A good writer writing in first person can be very powerful, very strong—in the same way that a good speaker can move you in ways you'd never imagine. The assumption I like to make is that the writer is a smart person; therefore, we care about his or her views. (From Writing for the Web with Derrick Story).

Be Yourself. Write Conversationally. It's the most natural way to write -- try writing the same way you speak to a friend. You'll end up being more concise, clearer, and more engaging. Use You instead of I or We or They. (From Let's Talk about Writing Style).

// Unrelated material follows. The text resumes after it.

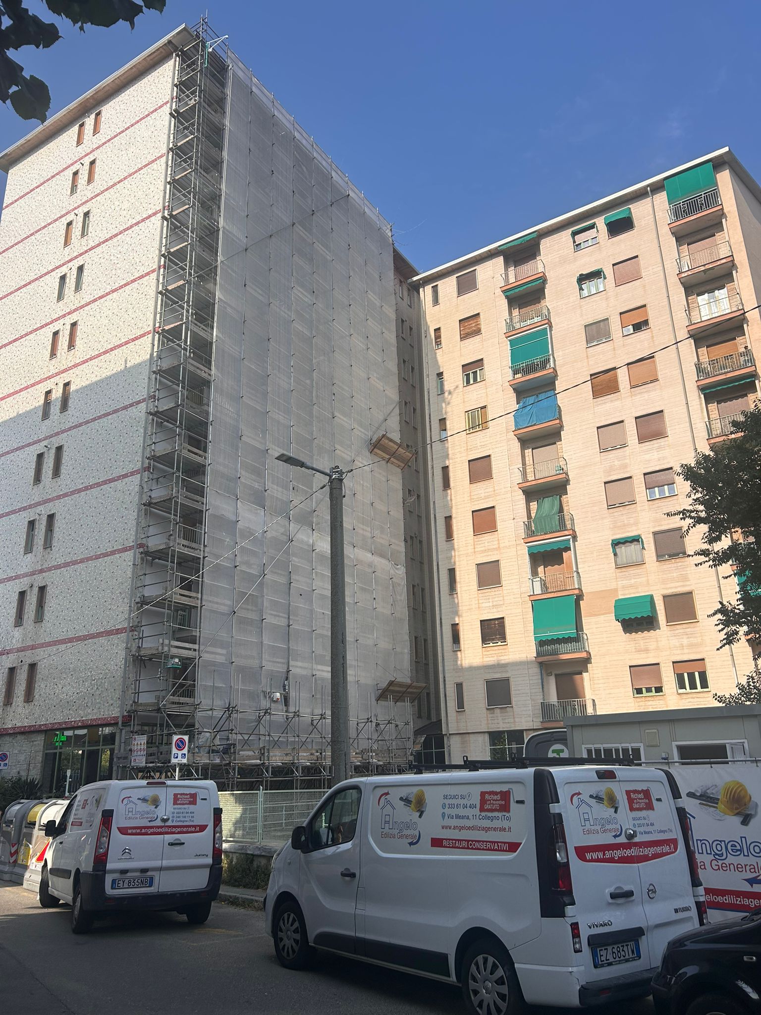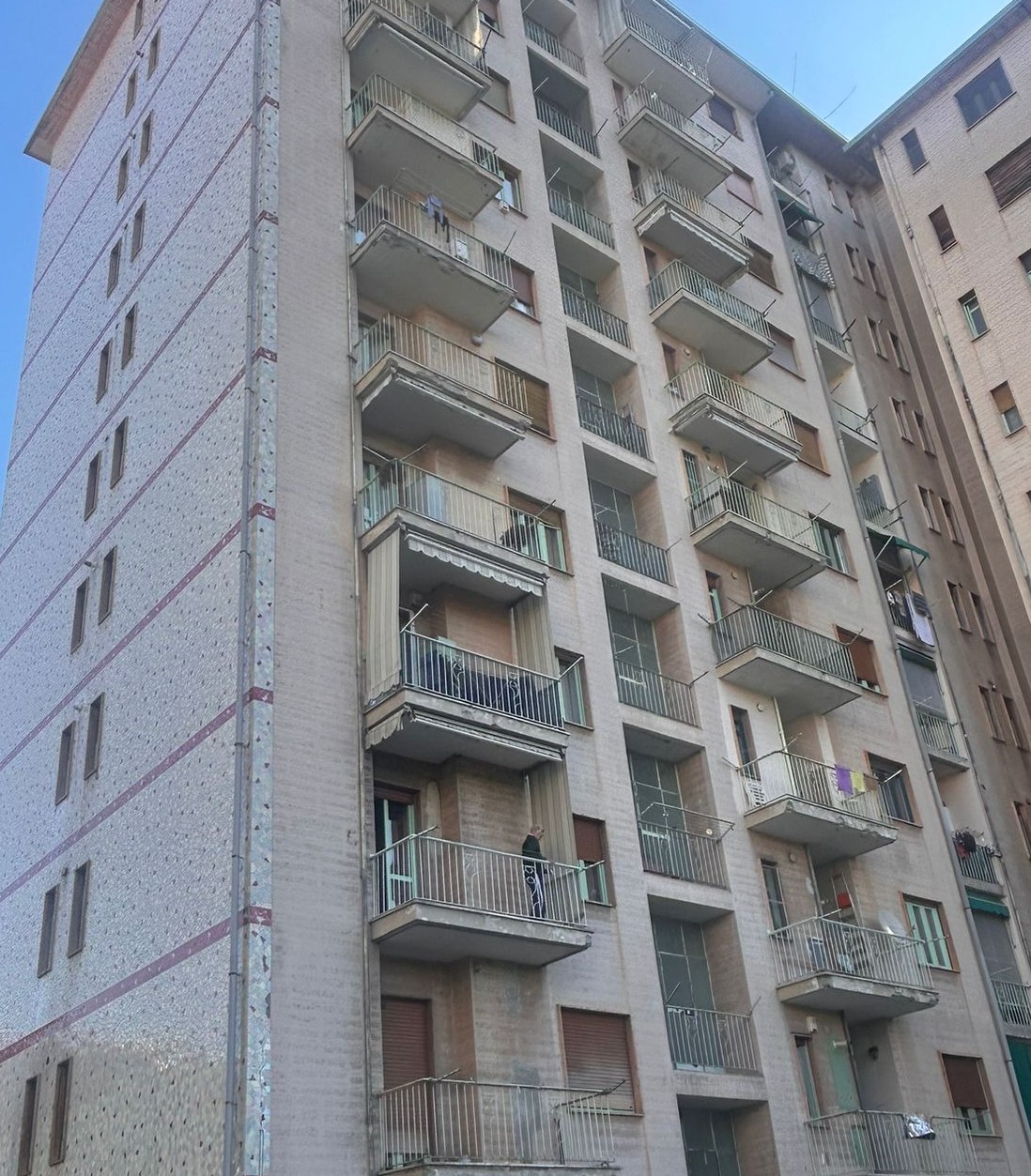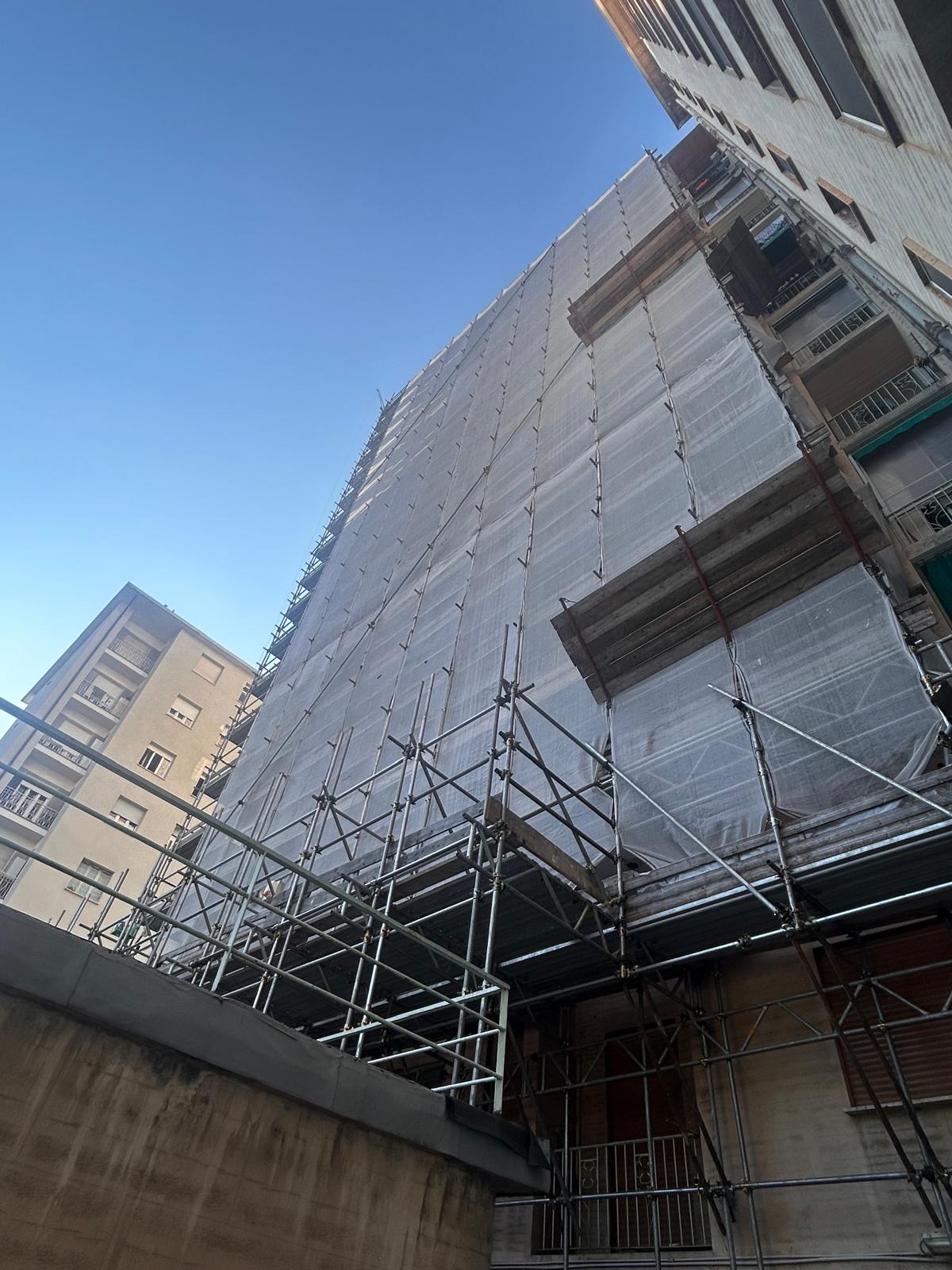 Intervento di restauro conservativo della facciata cortile del condominio di Corso Francia 155 a Collegno. Eseguite decorazioni e trattamenti protettivi sulle superfici in cemento armato. Realizzata rasatura e tinteggiatura integrale delle facciate intonacate. Completata la revisione e verniciatura delle opere in ferro di balconi e parapetti. Installato un nuovo isolamento termico del piano piloty, migliorando efficienza energetica e comfort abitativo.

Example from JavaScript Is Your Friend:

One of the best things about JavaScript is that you can do a great deal with very little programming. You don't need a fancy computer, you don't need any software other than a word processor and a Web browser, and you don't need access to a Web server; you can do all your work right on your own computer.

Example from Intro to Lesson 5:

The Image object has lots of other interesting properties. For example, you can have your JavaScript check to see if an image has been completely loaded before doing anything. However, these interesting properties will have to wait for later lessons. Gotta keep you coming back somehow, right? Today, we'll be focusing entirely on forms and how to use them in JavaScript.


Including links to related content shows readers that you've done some research, and that you are willing to let them check out other viewpoints. Most importantly, it simply makes your article a more extensive resource. An article that includes lots of appropriate links can be like a mini-cyclopedia of a particular topic. (From Writing for the Web: Links Aplenty!).

In general, if another page already does a decent job of covering one of your subtopics, you can just link it (with a brief summary, ideally) rather than having to cover it again yourself. This implies a new composition-strategy that starts with a Web survey of available resources, shaping each new topic-page first as a framework for these links... plus whatever special value you can add. (From the The future of academic publishing on the Web).

Most of the hyperlinks within the Javascript course are links to Javascript examples. There are not many links to external sources.

A good example of hyperlinking is this page you are reading! We know that there are several external resources (credible and dependable) that do a good job in explaining the different elements of effective online writing. So, instead of having it cover it ourselves, we use them as scaffolds to enhance our communicative intent.